RegEx to match Bitcoin addresses?
Asked Answered
K

10

50

I am trying to come up with a regular expression to match Bitcoin addresses according to these specs:

A Bitcoin address, or simply address, is an identifier of 27-34 alphanumeric characters, beginning with the number 1 or 3 [...]

I figured it would look something like this

/^[13][a-zA-Z0-9]{27,34}/

Thing is, I'm not good with regular expressions and I haven't found a single source to confirm this would not create false negatives.

I've found one online that's ^1[1-9A-Za-z][^OIl]{20,40}, but I don't even know what the [^OIl] part means and it doesn't seem to match the 3 a Bitcoin address could start with.

Kaffir answered 10/2, 2014 at 17:15 Comment(7)
Your referenced page has a section "Address validation". Why not use the technique provided in the link over there? (Quote: "[...] it is advisable to use a method from this thread rather than to just check for string length, allowed characters, or that the address starts with a 1 or 3")Ecumenicalism
@Ecumenicalism If all bitcoin addresses have that format, then I don't see a reason why this wouldn't work. Besides, I'm not looking for a rigurous validation (after all, it could be a valid address and not yet exist) but rather something that discards addresses that are clearly invalid.Kaffir
@fedeetz: bitcoin addresses do contain a checksum. You can't validate a bitcoin address using a regexp because all bitcoin addresses have that checksum. It is true that you regexp will discard many addresses which are clearly invalid... But your regexp will also accept an insane number of invalid ones. The very purpose of that checksum is to prevent people from using invalid addresses and I'd tend to think that the author(s) of bitcoins are very smart people and knew what they were doing. Doing "validation" without verifying the checksum whose very purpose is validation makes no sense.Malacca
@Malacca That's not a problem for me, as I said, as long as it discards clearly invalid addresses and it doesn't generate false negatives, it's enough. This is not for an application open to the public, only to a couple developers. The whole point is that if they have a typo or copy only half of the address, for the app to warn them.Kaffir
@fedeetz your regex will match invalid Bitcoin addresses, as the characters O, I and l are not valid characters in a Bitcoin address.Bell
To testnet: /^[mn2][a-zA-Z0-9]{27,34}/Luz
rosettacode.org/wiki/Bitcoin/address_validationDaffi
E
13

[^OIl] matches any character that's not O, I or l.

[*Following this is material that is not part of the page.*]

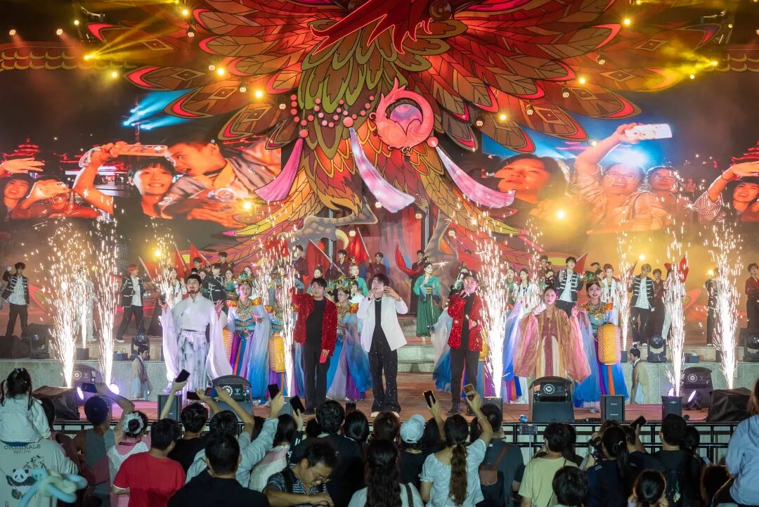 荆州方特东方神画以“国风潮玩节暨中秋奇妙夜”为主题,打造系列楚文化体验项目。“楚都花宴”迎宾、《百花大巡游》等剧目演出,带领游客深入感受楚文化魅力。夜间推出了《千灯明月宴》与《荆城焰庆》烟花秀。

The problems in your regex are:

  • You don't have a $ at the end, so it'd match any string beginning with a BC address.
  • You didn't count the first character in your {27,34} - that should be {26,33}

However, as mentioned in a comment, a regex is not a good way to validate a bitcoin address.

Energetic answered 10/2, 2014 at 17:17 Comment(3)
It seems to me the purpose of the regex is finding potential bitcoin addresses, not necessarily valid ones.Bell
Regex module would be good for light-weight like browser plugin, or webcrawler.Bangor
Or find valid addresses not necessarily existing addresses. Whether or not addresses exist in your block chain is based upon when and how often you sinc'd. Figuring out if the address is valid or not is a completely different exercise.Digraph
B
64
^[13][a-km-zA-HJ-NP-Z1-9]{25,34}$

will match a string that starts with either 1 or 3 and, after that, 25 to 34 characters of either a-z, A-Z, or 0-9, excluding l, I, O and 0 (not valid characters in a Bitcoin address).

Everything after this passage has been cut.